Hahaha you will have to forgive me I've been pushing papers pretty hard today.


----------



## jagans (Oct 21, 2012)

1985gt said:


> That is true.
> 
> Hahaha you will have to forgive me I've been pushing papers pretty hard today.


I hope they weren't invoices. LOLOLOL


----------



## jagans (Oct 21, 2012)

Dear OP, I went back and looked at your pictures and it looks like the person you hired actually used an inverted tall cone flashing in your drain. It looks like he has cut down the flow from what was probably 4 inches to about 1.5 inches inside the drain. This cuts your flow area from 12.56 sq. Inches to about 2 square inches. Not good. Also. you mentioned in your first post something about a floor drain. You do not mean to say that your storm water from your roof is connected to a floor drain in your basement do you? That is insane if that is the case, as a clog downstream of the floor drain could flood you out.
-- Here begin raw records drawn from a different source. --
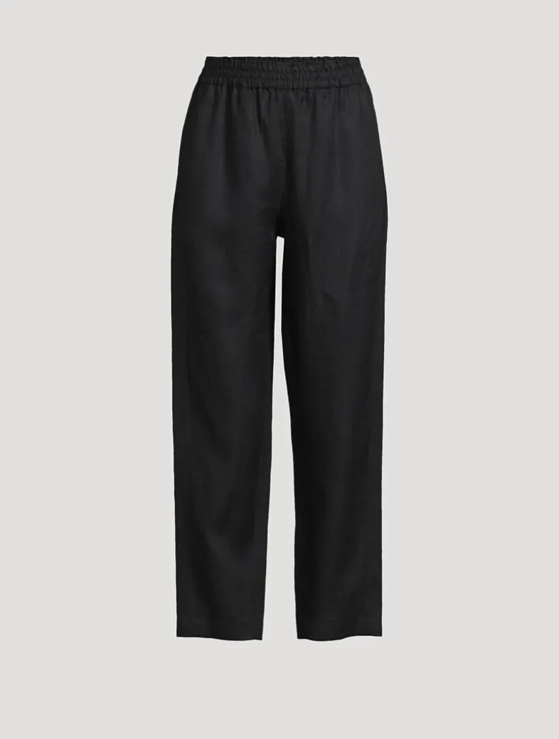 These elastic-waist trousers are made in smooth, crisp pure linen. A clean, modern style with practical side pockets and a back patch pocket.
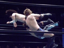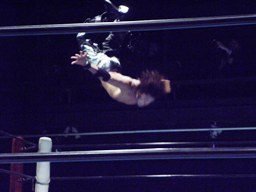 佐々木ボディスラムで投げてコーナーに上る、藤田はドロップキックで場外に落とす(右写真)。
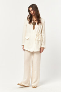 Paired with wide-leg trousers designed to move fluidly with the body, the set delivers breathable comfort and effortless sophistication.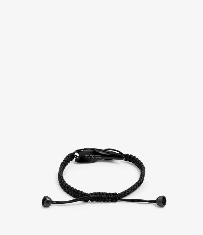 Tyne Bracelet with Macrame Band, in brushed stainless steel. Informed by the mathematical principle of minimal surface, interweaving without constraint, the result is a collection that maximises tactility through the interplay of solid and void.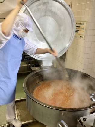 朝から煮込んだミートソースとジャガイモが相性抜群で、こどもたちから「おいしい!」と人気がありました。冷凍みかんは6月から9月限定で提供します。今日はまだ暑くはありませんが、こどもたちはおいしそうに冷凍みかんを食べていました。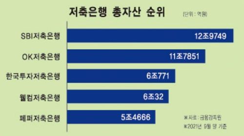 14일 금융감독원 금융통계정보시스템에 따르면 지난해 9월 말 기준 저축은행 자산순위 1위는 SBI저축은행으로 12조9749억원, 2위는 OK저축은행 11조7851억원, 3위는 한국투자저축은행 6조771억원, 4위는 웰컴저축은행 6조32억원, 5위는 페퍼저축은행 5조4666억원이었다.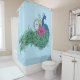 Peacock with a fuchsia lotus flower and henna in a backdrop of light blue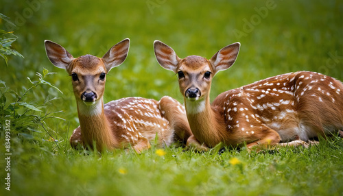 Two young spotted deer lie on their sides in green grass, looking directly at the camera

Better check that out.


----------



## 1985gt (Jan 8, 2011)

jagans said:


> I hope they weren't invoices. LOLOLOL



Oh no I don't pay the bills! I just have to get to the stack that brings money in, So many bids going out these last few weeks and of course stuff we bid months ago we are getting contracts on. I swear I could work 80 hours a week and maybe would be caught up. It crazy enough we are hiring at this time of the year, yes putting on new people at the end of October! I should feel lucky if these are the only things I have to complain about :laughing:


----------



## jells (Oct 21, 2014)

Well, the latest chapter, involving city inspectors, is Kafkaesque. Yesterday the roof inspector finally came, and said he didn't know anything about drains, call the plumbing inspectors. Today a plumbing inspector came and said since no plumber did the work there was no plumbing work done because he just jammed a sleeve in, there was nothing for him to be involved in. He then said I should have gotten a better contractor. I actually have an audio recording of this conversation. It's mind blowing. So in my city how the roof is connected to the plumbing is utterly unregulated. I tried to corner him into defining just when a cast iron bowl as Jagans has show is required, but he evaded.

I looked at another bid I had received and that guy had a separate line of $3500 to install the cast iron bowl, in addition to the $27k to do the 1k sq ft roof.


----------



## 1985gt (Jan 8, 2011)

So the roof inspector doesn't know anything about drains? Part of the reason why I dislike the inspection requirement in some areas. 

I'm not sure exactly what was stated in your contract but it sounds like you may have little recourse now. Unless the contract stated something to the fact of how the drain was going to be replace or how the work was going to be preformed there is not a lot of ground to stand on. I guess you could get a consultant and try and sue but it would cost more then what you would get.

I guess looking to the future on how it will be done the next time would be the next step. If you have troubles with the drain again I'd look at options on getting it fixed and by fixed I mean replaced. and look at extra drainage and overflow drains.


----------



## jells (Oct 21, 2014)

Thanks 1985gt. I don't even think I can safely stiff him for the 20% balance of $2100. Won't he then put a "contractors lien" on my property? How do these liens get resolved? If I wanted to pursue this in small claims, should I pay him first? Or should I just pay and consider it peace of mind that it's over and the roof is probably fine now with the drain cleared. I don't think the suspicion that the sleeve is tapered is correct, it's just an artifact of the photo.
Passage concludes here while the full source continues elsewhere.